• **MATERIALS PROVIDED**:
• • • • •
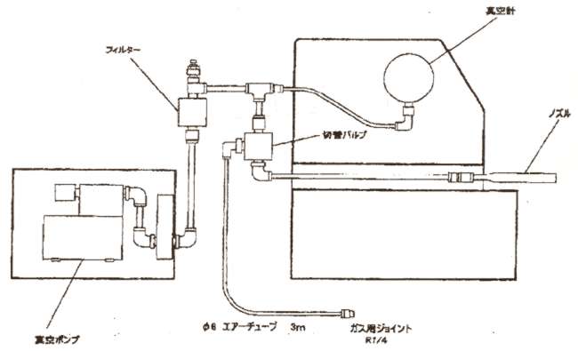 | ■特長 ●AC100V/1.5Kwと低電力です。 ●モーター駆動式なので、エア源にコンプレッサーなどの外部配管が不要で、電源があればどこでも使えます。さらに、騒音・振動が少なく、排気がないので、良好な作業環境を保てます。 ●ノズル式で脱気するので、脱気時間が短く、ワークの大きさ、形状の自由度が高くなります。 ●ポンプボックスが別置きなので振動がテーブルに伝わりません。 ●テーブルはピン引掛型で、品物に応じて高さと角度の調節ができます。 ●テーブルとポンプボックスが付きます ■各部名称 ![]() ■仕様
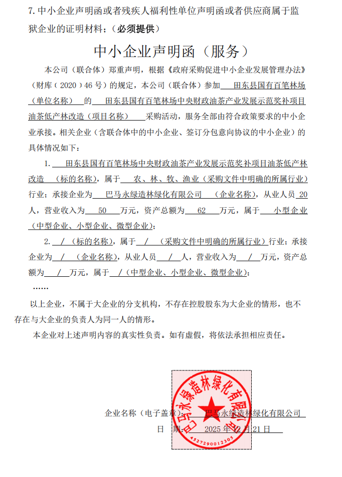 公告概要:| 公告信息: | | 采购项目名称 | 田东县国有百笔林场中央财政油茶产业发展示范奖补项目油茶低产林改造 | | 品目 | | | 采购单位 | 田东县国有百笔林场 | | 行政区域 | 广西壮族自治区 | 公告时间 | 2025年12月25日 15:44 | | 评审专家(单一来源采购人员)名单 | 林植伟(第1分标采购人代表),施忠胄,雷英芳 | | 总成交金额 | ¥121.690000 万元(人民币) | | 联系人及联系方式: | | 项目联系人 | 莫艳青 | | 项目联系电话 | 0776-2808858 | | 采购单位 | 田东县国有百笔林场 | | 采购单位地址 | 田东县思林镇内油村百笔林场 | | 采购单位联系方式 | 19178638850 | | 代理机构名称 | 广西念宇建设项目管理有限公司 | | 代理机构地址 | 百色市右江区前程路4号长乐星城写字楼4楼 | | 代理机构联系方式 | 0776-2808858 |
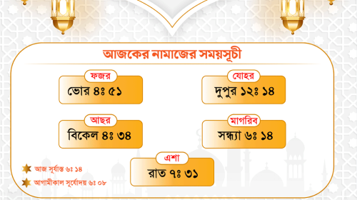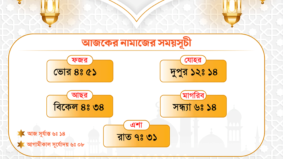 মাগরিবের নামাজ পড়তে হবে সন্ধ্যা ৬টা ১৪ মিনিটে।
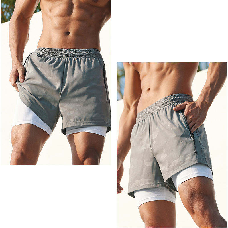 กางเกงขาสั้นออกกำลังกายผู้ชายแบบ 2-in-1 สกรีนโลโก้ได้ ระบายอากาศดี มีซับใน สไตล์วินเทจ เอวยางยืด ไซส์ใหญ่
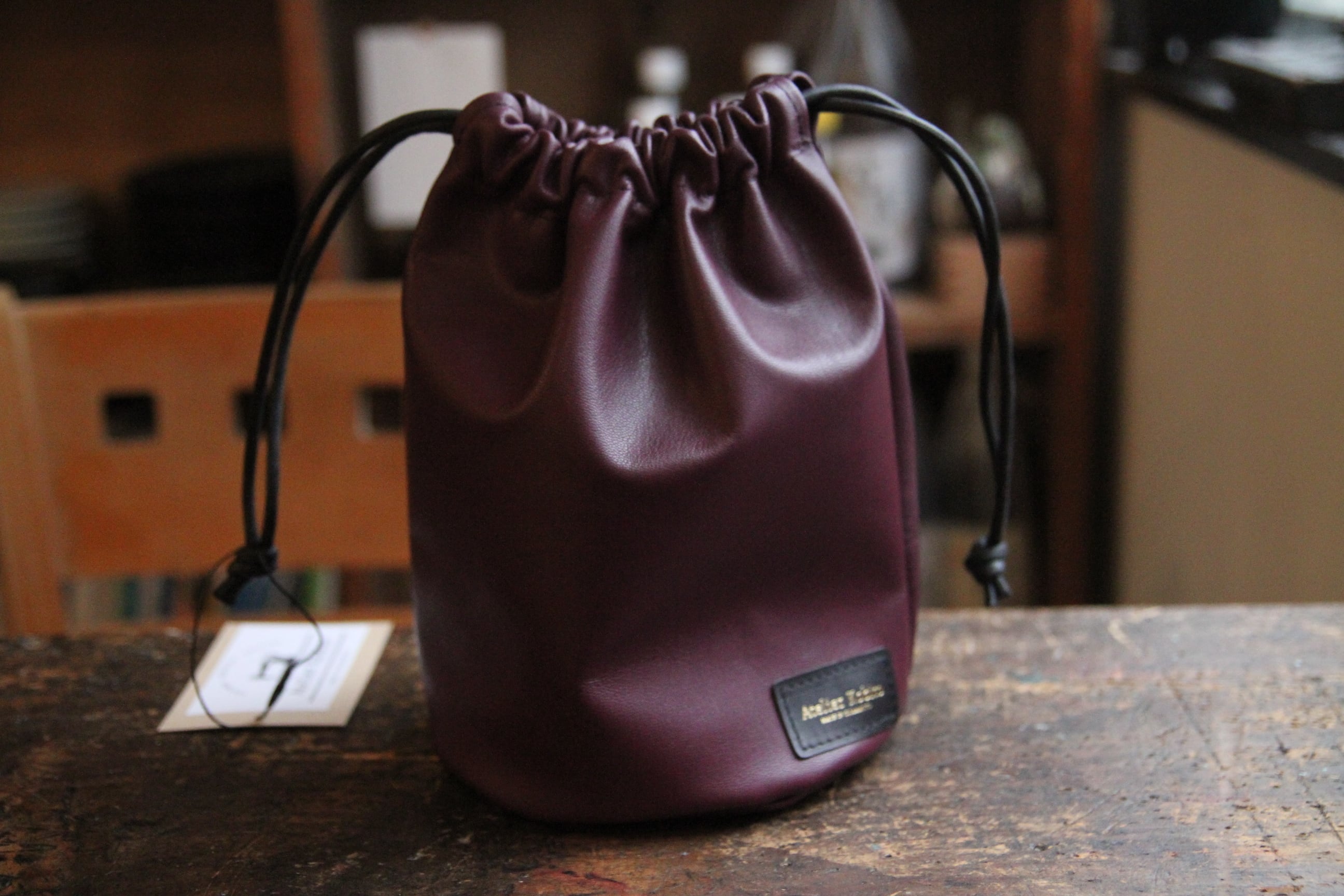 熊本は坪井にあるレザークラフトショップ『アトリエコビト』のDrawstring Bag。
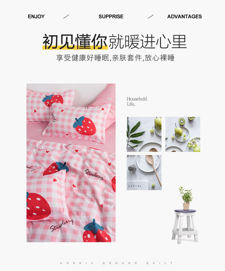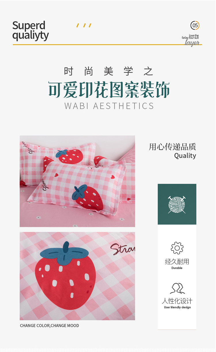 商品名称:米粒 2021新款芦荟棉套件 草莓格
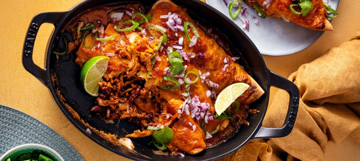 - 4Hotové enchiladas rozdělte na 8 porcí a ihned podávejte.
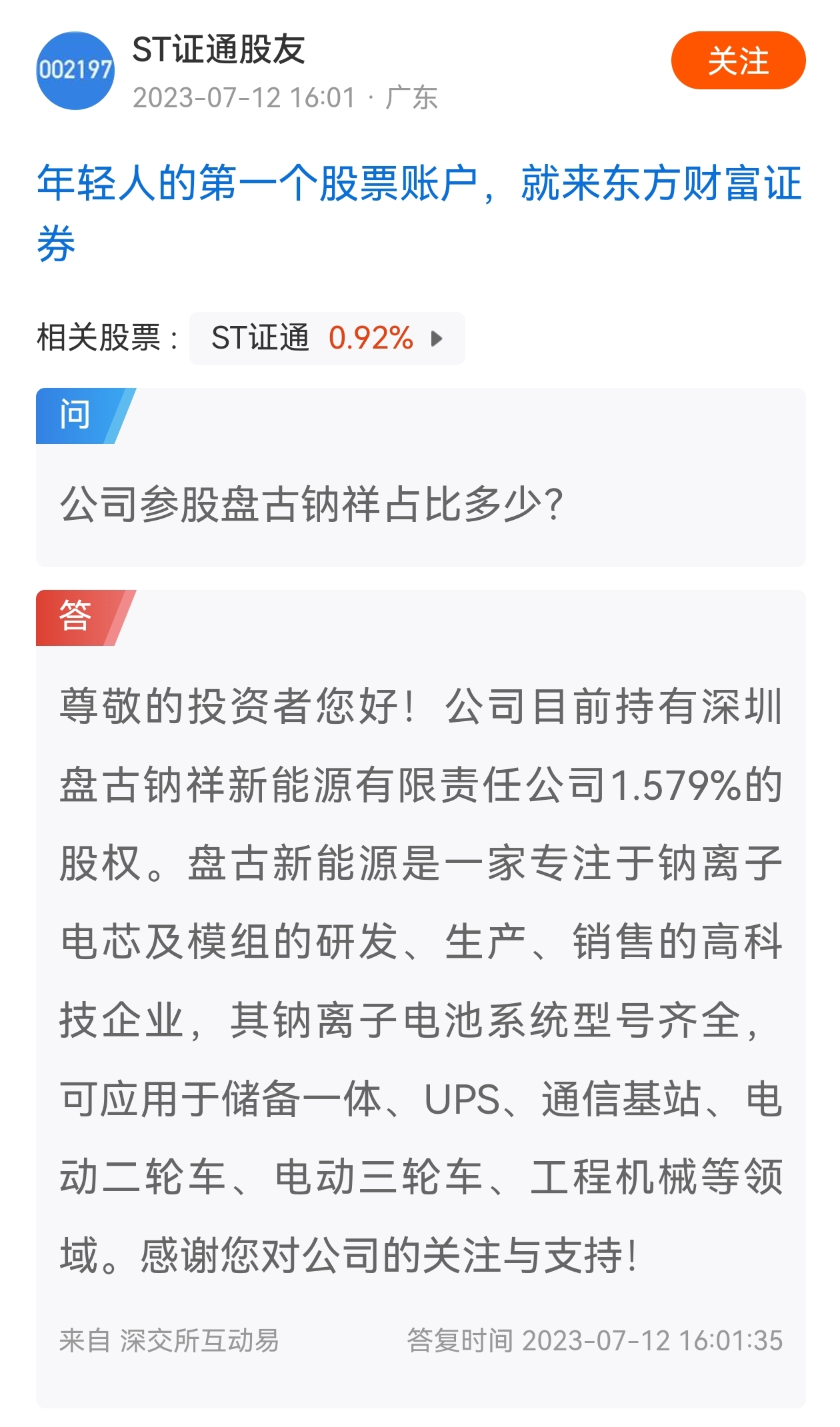 $ST证通(SZ002197)$ - 投资钠离子电池企业:2023年6月,证通电子参与了深圳盘古钠祥新能源有限责任公司的天使轮投资。盘古钠祥是一家专注于钠离子电池电芯及模组研发、生产和销售的高科技企业。证通电子的此次投资使其能够接触钠离子电池产业链的核心技术和资源,为自身业务探索更经济、可靠的储能解决方案。截至2025年9月,盘古钠祥官网仍将证通电子列为股东之一。
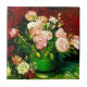 Tile featuring Vincent van Gogh’s oil painting Bowl with Peonies and Roses (1886). Beautiful pink and white peonies and roses sit in a green vase against a red background. A wonderful gift for fans of Post-Impressionism and Dutch art.
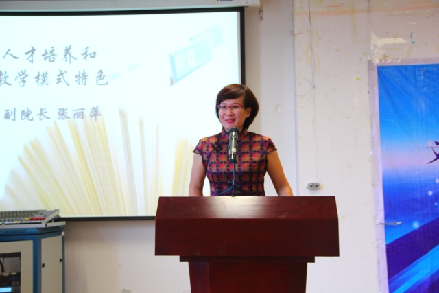 张丽萍副院长向新生家长介绍了我院的人才培养和教学模式特色,将我院历史沿革和专业设置情况、各专业人才培养目标、师资力量、教学资源等家长密切关注的问题一一进行了详细介绍。
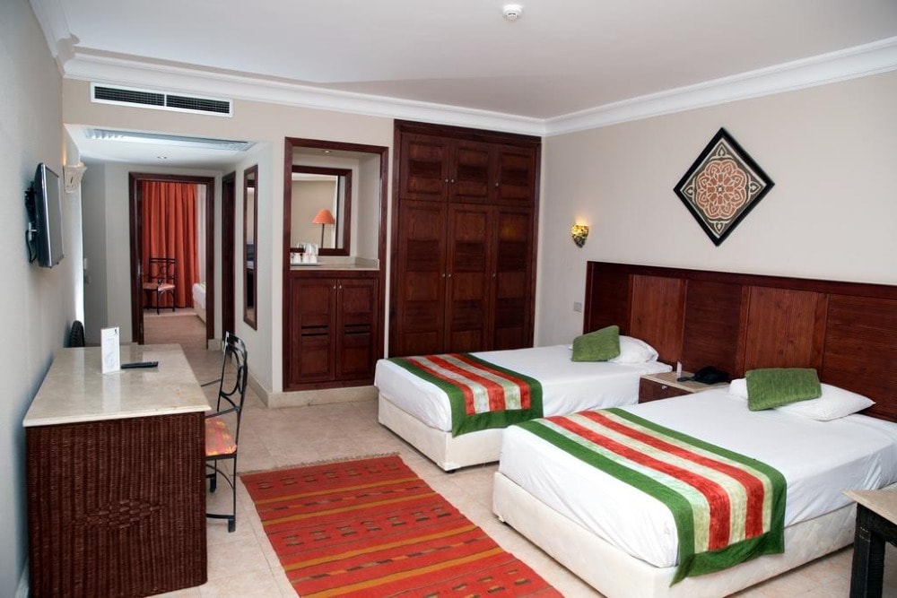 Located in a special spot at Ain Sokhna, provides 4-star rooms with a balcony, The spacious rooms are decorated in soft colours. Each is air-conditioned, has a sofa bed and a satellite TV. A minibar and a tea/coffee maker are provided. A hairdryer is in the bathroom. Its outdoor pool is surrounded by cushioned loungers. Snorkelling is possible at the beach. Guests can play a game of volleyball at the beach or table tennis in the games room. Romance Hotel also has a modern gym. There is a playground and a pool for younger guests.
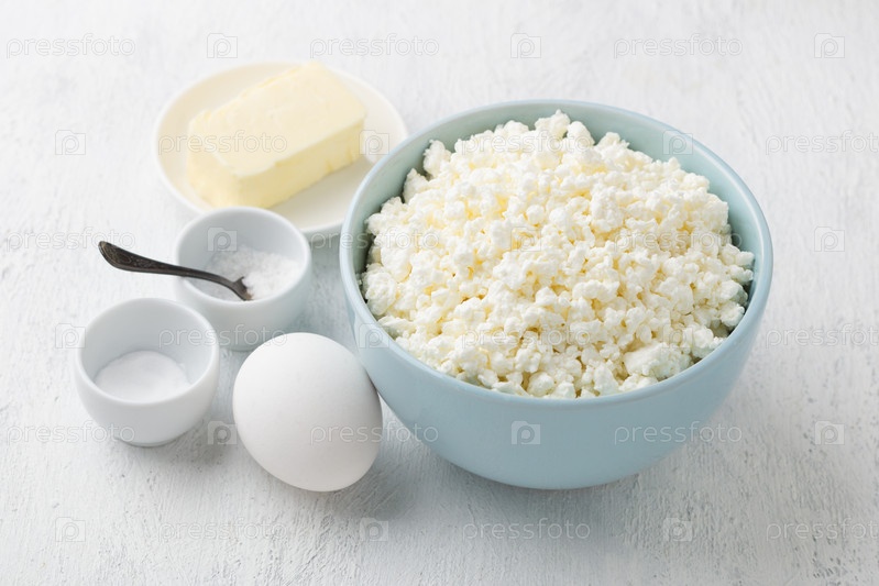 Состав: творог, яйцо, масло сливочное, соль, сода для приготовления домашнего плавленого сыра на светло-сером фоне
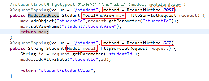 //studentInput에서 get,post 둘다 동작할 수 있도록 오버로딩 ( model, modelandview )
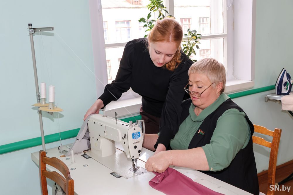 Елена Лаптева не смогла удержаться от возможности проверить, сохранились ли у нее полученные в УПК навыки: «Хотя основным направлением обучения у меня было поварское, девочкам преподавались также азы швейного мастерства». В классе, где в тот момент шли занятия у учениц 11-го класса, Елену Евгеньевну усадили за швейную машинку. Консультантом депутата стала учащаяся Кореневской средней школы Александра Волчек. Девочка второй год учится в УПК, хорошо знает предмет, говорит, что навыки швеи, даже если не станут ее профессией, все равно пригодятся в быту. Александра с ловкостью опытного специалиста помогла правильно заправить нитку в машинку, так что Елене Евгеньевне оставалось только аккуратно сделать строчку на предложенном отрезе ткани.
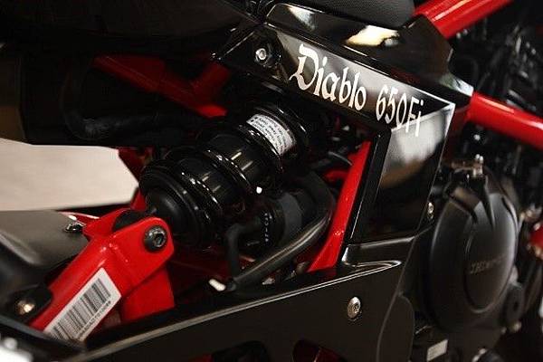 當然也騙不了人,雙槍避震並不是目前最好的選擇。現在最高級的重車使用的,是中置多連桿單槍避震,比方我們的哈特佛惡魔650。因為避震器畢竟是消耗品,雙槍系統的避震單體通常裝在後輪的兩側(不然要裝哪裡),通常靠近後輪軸。如果負擔太大,懸吊系統上下擺動時,避震器裡的阻尼會幾乎跟搖臂的擺動幅度一樣大。當這樣的壓力不斷重複時,阻尼活塞就會嚴重消耗避震油,使吸震能力變得很差,很容易造成避震器失效。而只使用一支中置避震器,加上多連桿與車身的配置,可以減少避震器受到的壓力。
• • • • •
• **WHAT YOU NEED TO DO**:
Would you please reproduce the entries above, starting at the line with "กางเกงขาสั้นออกกำลังกายผู้ชายแบบ 2-in-1 สกรีนโลโก้ได้" and stopping after the line with "model, modelandview )"? Omit any pictures.

• **ANSWER FOR THE TASK**:
 กางเกงขาสั้นออกกำลังกายผู้ชายแบบ 2-in-1 สกรีนโลโก้ได้ ระบายอากาศดี มีซับใน สไตล์วินเทจ เอวยางยืด ไซส์ใหญ่
 熊本は坪井にあるレザークラフトショップ『アトリエコビト』のDrawstring Bag。
 商品名称:米粒 2021新款芦荟棉套件 草莓格
 - 4Hotové enchiladas rozdělte na 8 porcí a ihned podávejte.
 $ST证通(SZ002197)$ - 投资钠离子电池企业:2023年6月,证通电子参与了深圳盘古钠祥新能源有限责任公司的天使轮投资。盘古钠祥是一家专注于钠离子电池电芯及模组研发、生产和销售的高科技企业。证通电子的此次投资使其能够接触钠离子电池产业链的核心技术和资源,为自身业务探索更经济、可靠的储能解决方案。截至2025年9月,盘古钠祥官网仍将证通电子列为股东之一。
 Tile featuring Vincent van Gogh’s oil painting Bowl with Peonies and Roses (1886). Beautiful pink and white peonies and roses sit in a green vase against a red background. A wonderful gift for fans of Post-Impressionism and Dutch art.
 张丽萍副院长向新生家长介绍了我院的人才培养和教学模式特色,将我院历史沿革和专业设置情况、各专业人才培养目标、师资力量、教学资源等家长密切关注的问题一一进行了详细介绍。
 Located in a special spot at Ain Sokhna, provides 4-star rooms with a balcony, The spacious rooms are decorated in soft colours. Each is air-conditioned, has a sofa bed and a satellite TV. A minibar and a tea/coffee maker are provided. A hairdryer is in the bathroom. Its outdoor pool is surrounded by cushioned loungers. Snorkelling is possible at the beach. Guests can play a game of volleyball at the beach or table tennis in the games room. Romance Hotel also has a modern gym. There is a playground and a pool for younger guests.
 Состав: творог, яйцо, масло сливочное, соль, сода для приготовления домашнего плавленого сыра на светло-сером фоне
 //studentInput에서 get,post 둘다 동작할 수 있도록 오버로딩 ( model, modelandview )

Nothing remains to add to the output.